Sunday, January 19, 2014
"I'm sorry... I know that means little at this point, but I am. I tried, I think you would all agree that I tried. To be true, to be strong, to be kind, to love, to be right. But I wasn't. And I know you knew this. In each of your ways. And I am sorry. All is lost here..." - Our Man
And so begins the story of an unnamed man and his battle against nature. All Is Lost is a harrowing look at eight days in the life of a sailor and all the measures he takes to ensure his survival. Waking up from a nap to find his boat has been struck by a wayward shipping container, Our Man quickly finds himself on the offensive against Mother Nature leading to some of the most intense 100 minutes of 2013.
Robert Redford gives one of the best performances of his long and storied career here, holding your attention with nothing but his presence. This is an actor at the top of his game, given a relatively dialogue free screenplay and commanding the screen through sheer talent. You truly feel for Our Man as one terrible situation after another comes his way; from the wayward shipping container that begins his plight to horrific storms and a malfunctioning radio, Redford is constantly overcoming one horrible situation after another.
J.C. Chandor's work behind the camera is astounding. Directing from his own screenplay, which was only about 30 pages long, Chandor impresses at every point. Though barely any words are spoken throughout the film, it's never boring which is a true credit to his talent as a filmmaker. All Is Lost is only his second film and judging from that we'll be able to enjoy his work for many years to come.
Described by some as Gravity on a boat, All Is Lost is far more effective than Alfonso Cuarón's film mostly because it's more relatable. Very few, if any of us will ever become astronauts but being stranded in the middle of nowhere here on earth is all too real and all too possible. Gravity was a very good film, All Is Lost is a great film, Chandor does more with so much less and the journey is all the more effective for it.
A great story of survival with one of the single best performances of 2013, All Is Lost is a phenomenal experience.
Saturday, January 11, 2014
"The past is just a story we tell ourselves." - Samantha
It was only a matter of time before Her came to be. Go to any public place; a bar, coffee shop, park or even the mall, and you will see a multitude of people staring down at their smartphones. Her asks the question of what happens when our smartphones become intelligent beings who can actually listen to us, give advice and yes, fall in love.
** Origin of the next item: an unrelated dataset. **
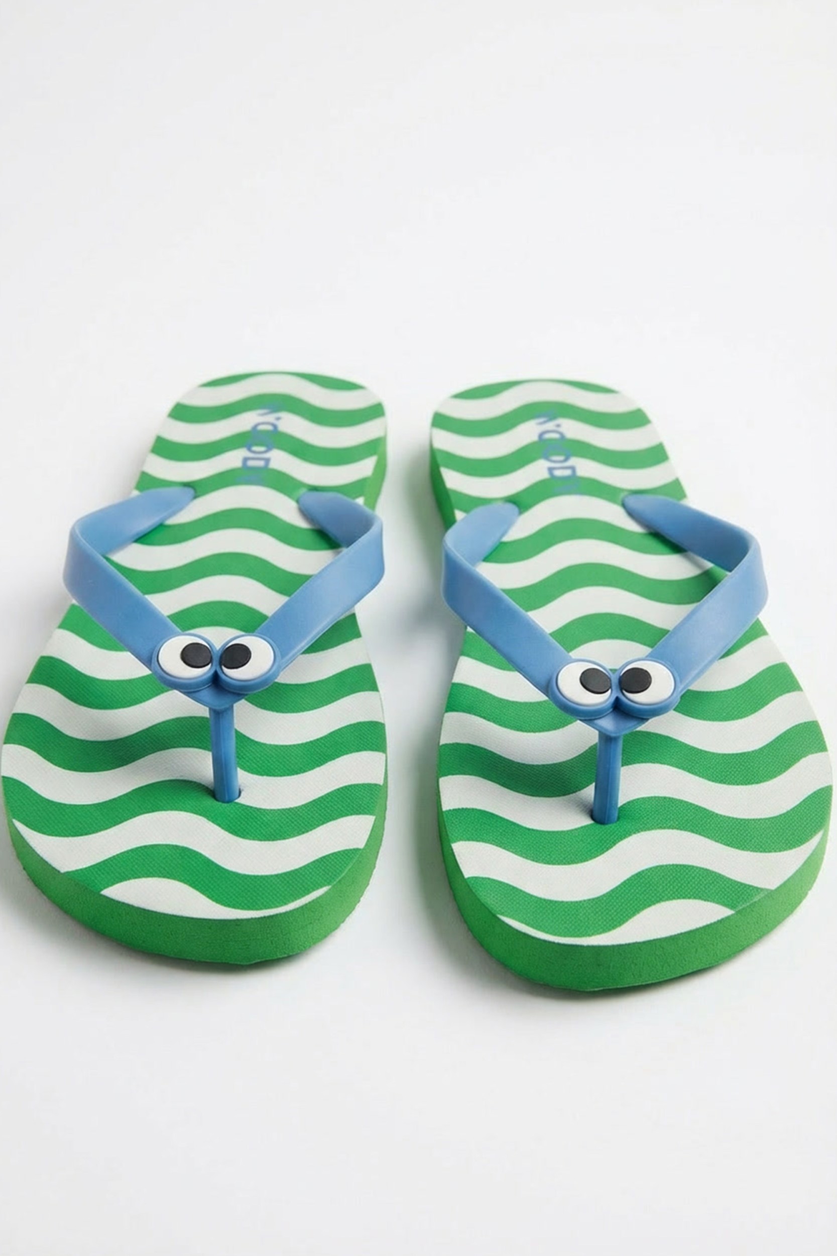 Groen-blauwe teenslipper met Woody-ogen. Het voetbed is voorzien van een golvend streeppatroon in contrasterende kleuren. Geschikt voor gebruik aan strand of zwembad. Verkrijgbaar in maten 33/34 tot 43/44.

Spike Jonze's Her tells the story of Theodore, played masterfully by Joaquin Phoenix, a writer in the midst of a nasty divorce with Rooney Mara, who on a whim decides to switch to a new Operating System with artificial intelligence. This OS, which he names Samantha is played by Scarlett Johansson in one of the best voice acting performances I've ever heard. Theodore and Samantha make up one of the best film couples in cinematic history which is quite the feat since she isn't ever on screen. This relationship is at once outlandish but terribly believable, there's a real weight to their trials and tribulations that are on display here.
Jonze's vision of a near future Los Angeles is a sight to behold. There are no flying cars or jet packs, this is the future as any rational person would see it. From the clothes to the technology to the architecture on display, Jonze creates a world that is both science fiction and probable fact.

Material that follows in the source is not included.